Molmo and PixMo: a new way to build vision-language models

3 min read

Molmo and PixMo: A New Way to Build Vision-Language Models

The field of vision-language models (VLMs) is rapidly evolving, but much of the progress is locked behind closed doors. Proprietary models and datasets hinder research and collaboration. Molmo and PixMo offer a refreshing change, ushering in a new era of open development for VLMs.

The Problem with Closed-Source VLMs

Most of today's cutting-edge VLMs are proprietary. Companies keep their models, training data, and even their code secret. This secrecy makes it difficult for the research community to understand how these models work, reproduce their results, and build upon existing advancements. It stifles innovation and limits the potential of VLMs.

Enter Molmo and PixMo: Open for All

Molmo is a family of open-source VLMs, and PixMo is the unique, open dataset they are trained on. This openness is a game-changer. Researchers can now access the models, the data, and the code, fostering transparency and collaboration. Learn more in the paper and try the demo online.

The Secret Sauce: PixMo's Innovative Data

What makes PixMo stand out? Unlike many open VLM datasets that rely on synthetic data generated by other (often proprietary) VLMs, PixMo is built from the ground up with rich, human-generated descriptions of images. The team employed a novel data collection method: they asked people to talk about images rather than write, encouraging more natural and detailed descriptions. They even recorded the audio to ensure the data's authenticity.

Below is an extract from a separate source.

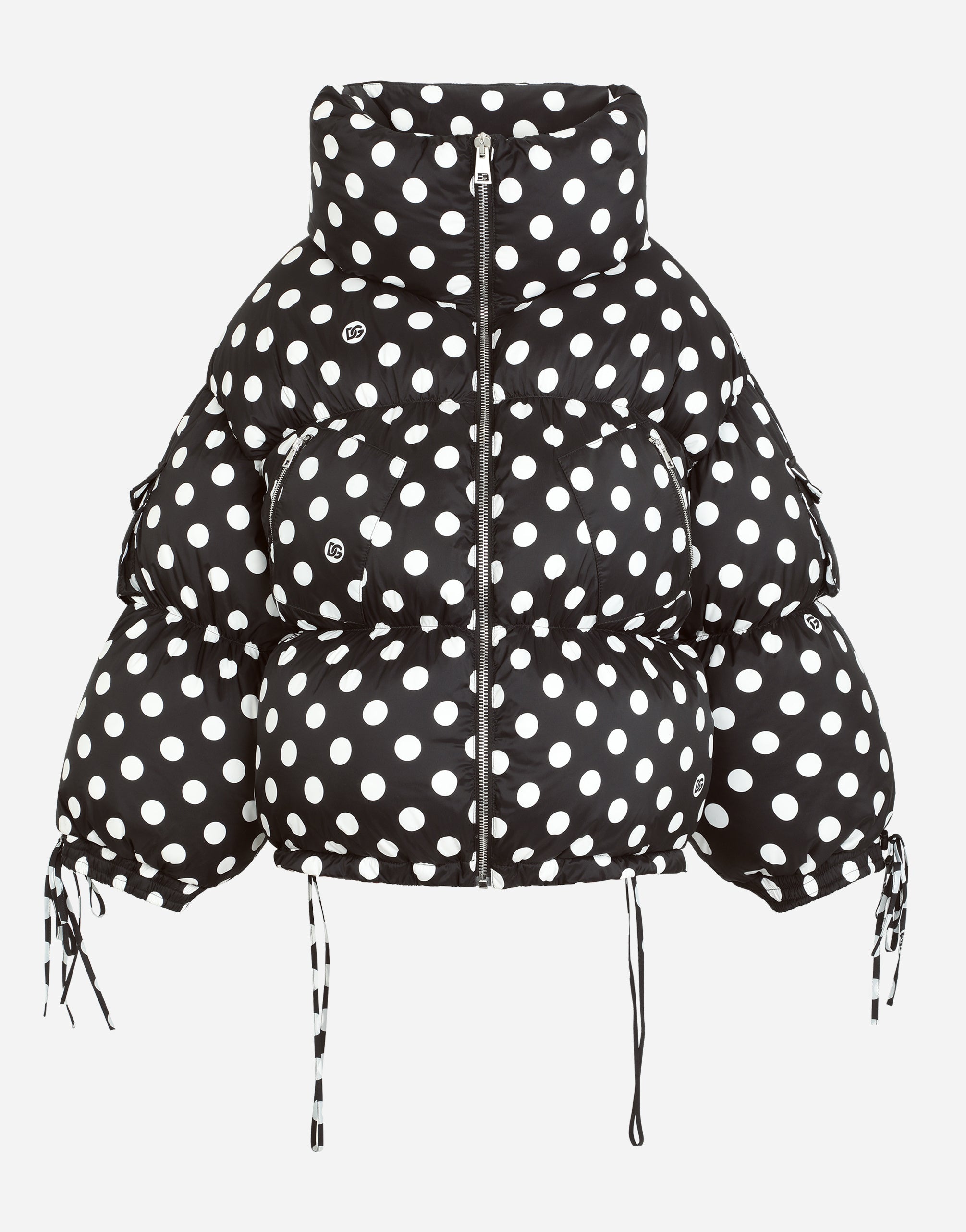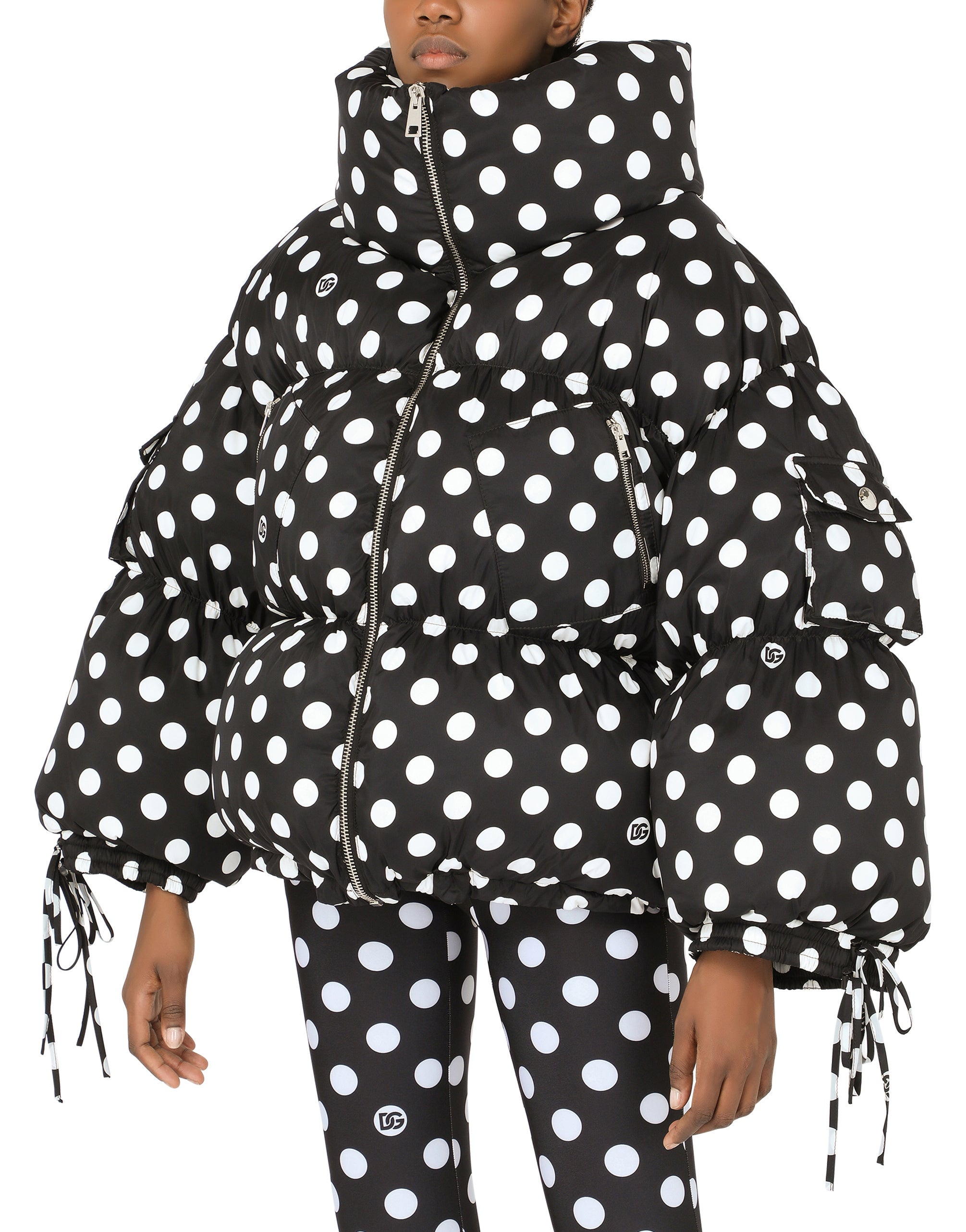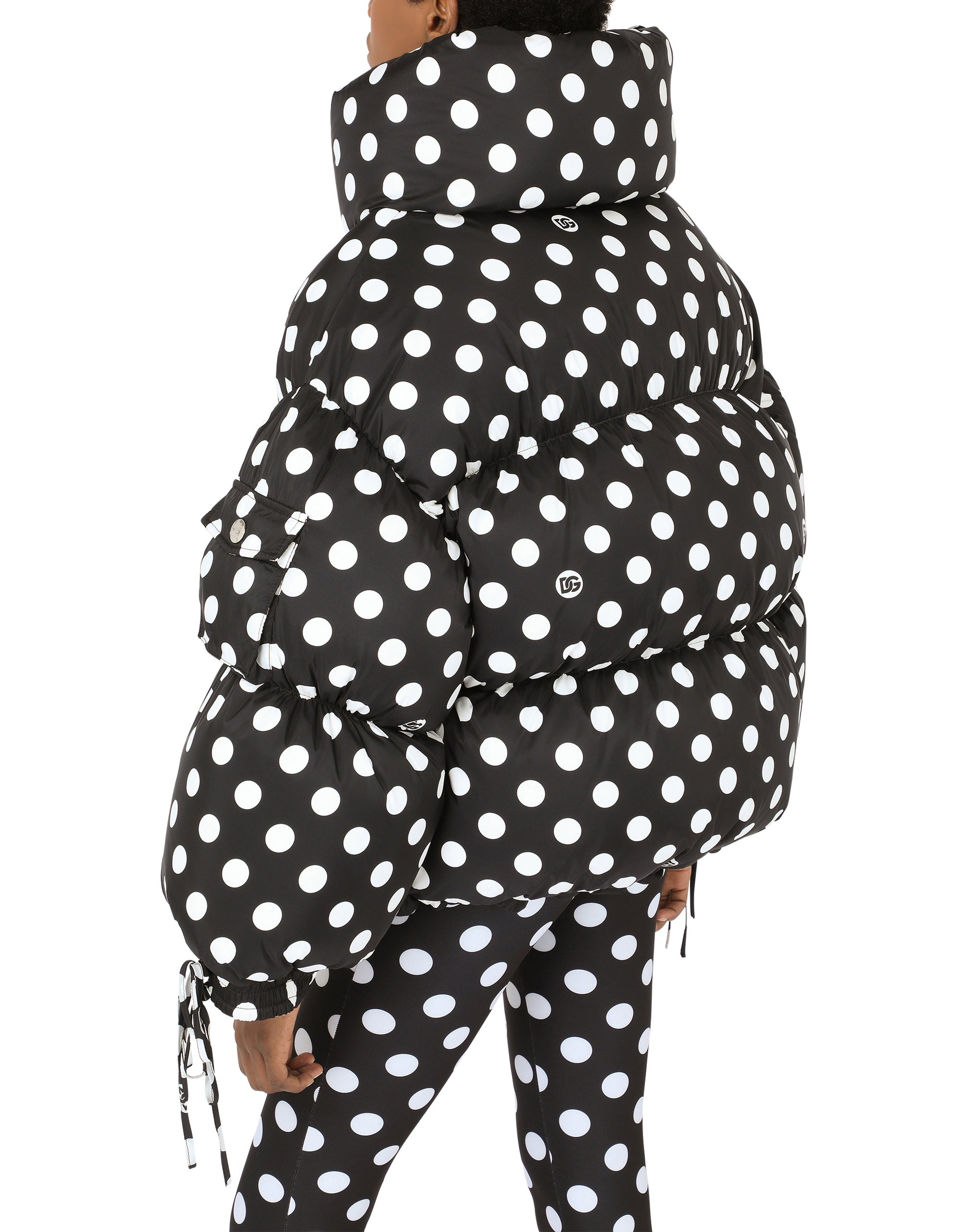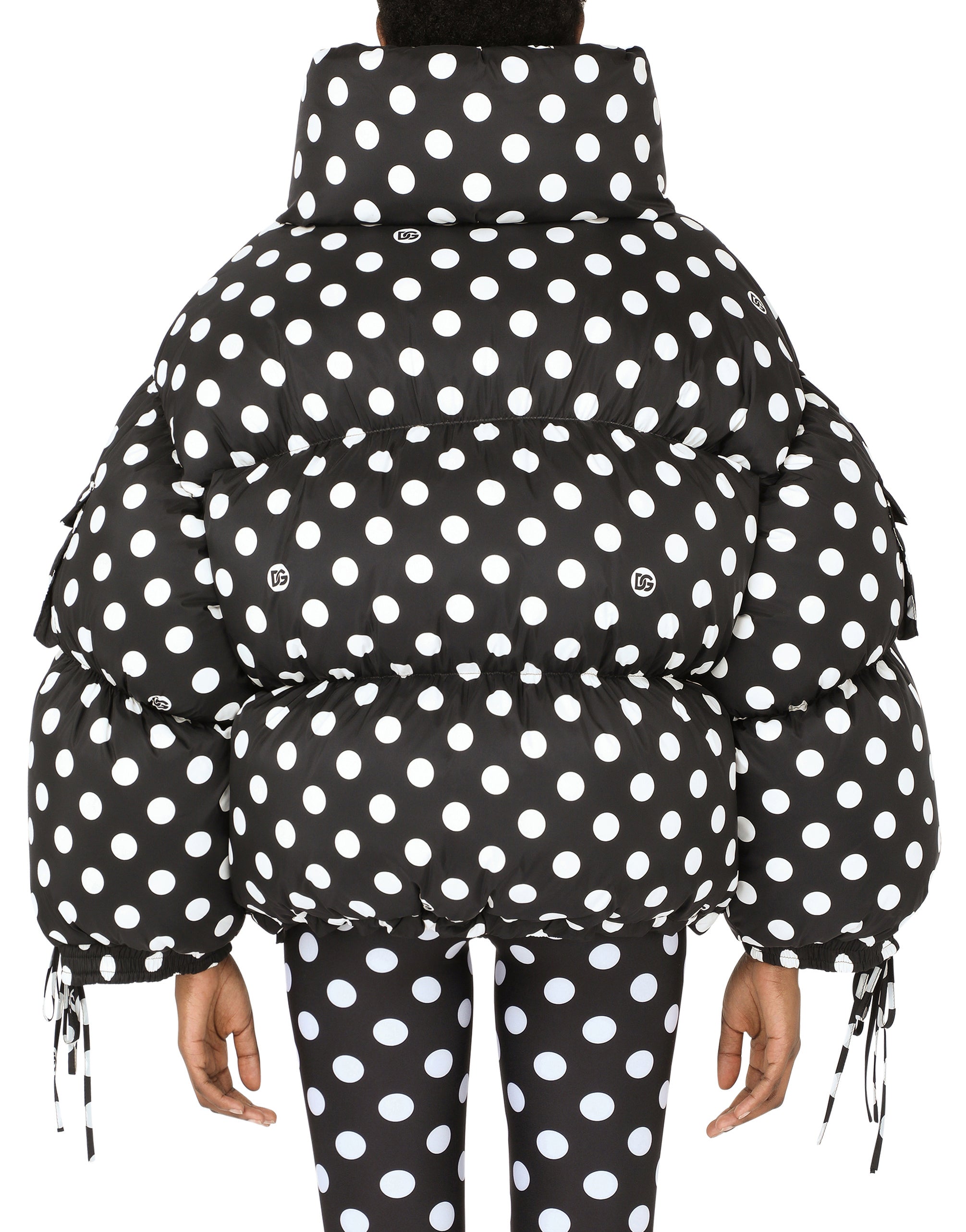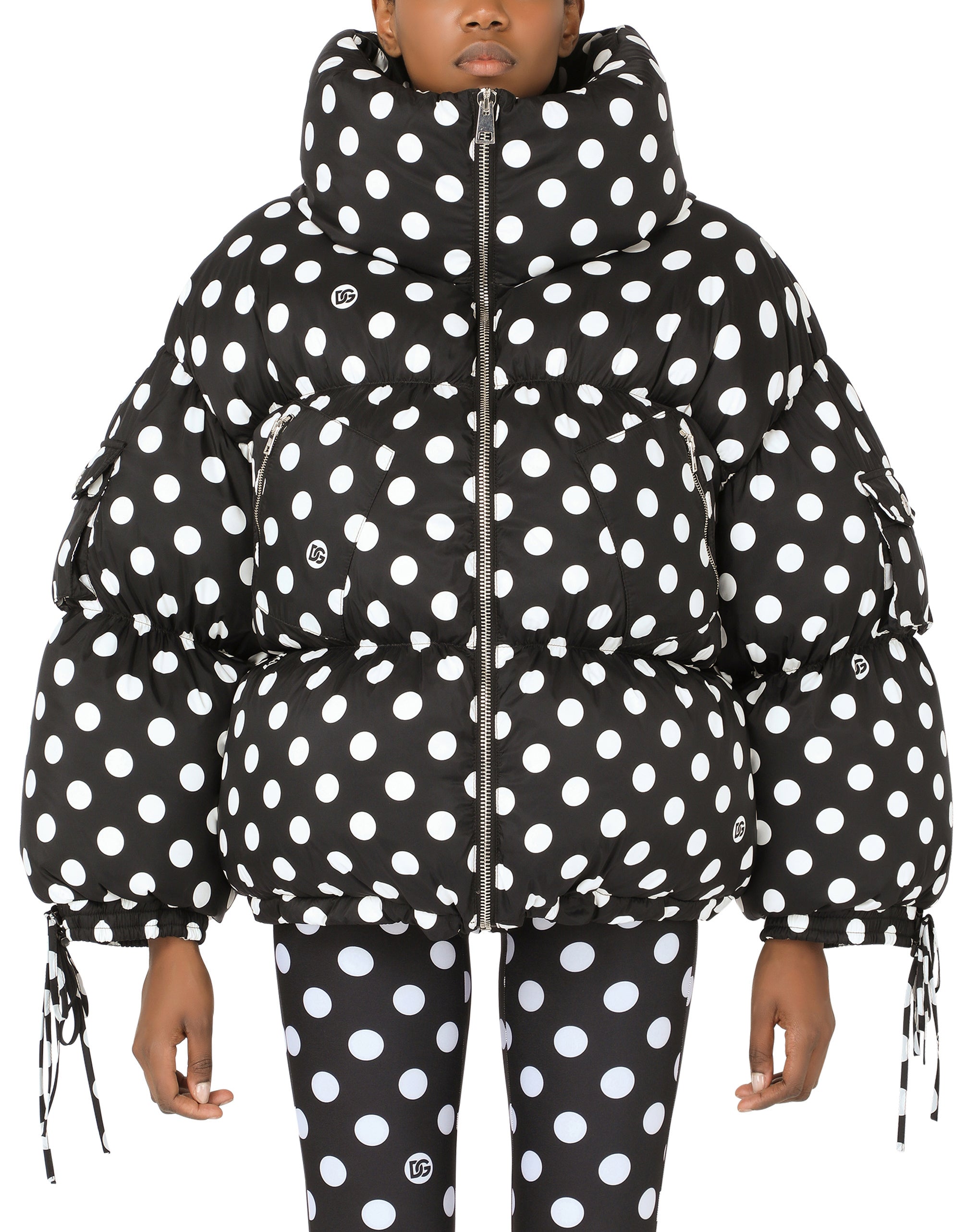 • High neck • Long sleeves with drawstring cuffs • Drawstring jacket hem • Zipped pockets • Goose down padding • Nylon lining • Zipper fastening and branded slider • The piece measures 65 cm - 25.6 inches from the rear collar seam on a size IT 40 • The model is 175 cm - 68.9 inches tall and wears a size IT 40 • Made in Italy

Pointing the Way to the Future

PixMo also includes a groundbreaking new data type: pointing data. This data teaches Molmo to pinpoint specific elements within images, enabling it to answer location questions ("where is it?"), count objects precisely, and even provide visual explanations for its answers. This pointing ability opens up exciting possibilities for VLMs interacting with the real world, such as controlling robots or interpreting visual information in complex environments.

Impressive Performance

Evaluation Results for Molmo

The results speak for themselves. Molmo, trained on PixMo, achieves impressive performance, rivaling and even surpassing some of the leading proprietary VLMs. MolmoE-1B, the most efficient model, performs comparably to GPT-4V, a powerful closed-source VLM. The most advanced Molmo model outperforms several other proprietary models, demonstrating the potential of open-source development.

A Win for Open Science and Open Source

Molmo and PixMo represent a significant step forward for VLM research. Their open-source nature democratizes access to cutting-edge technology, fosters collaboration, and accelerates innovation. This commitment to open source empowers the community to build upon these foundations, driving progress and broadening the impact of VLMs. This is a victory for open science and paves the way for a more transparent and collaborative future in the development of vision-language models.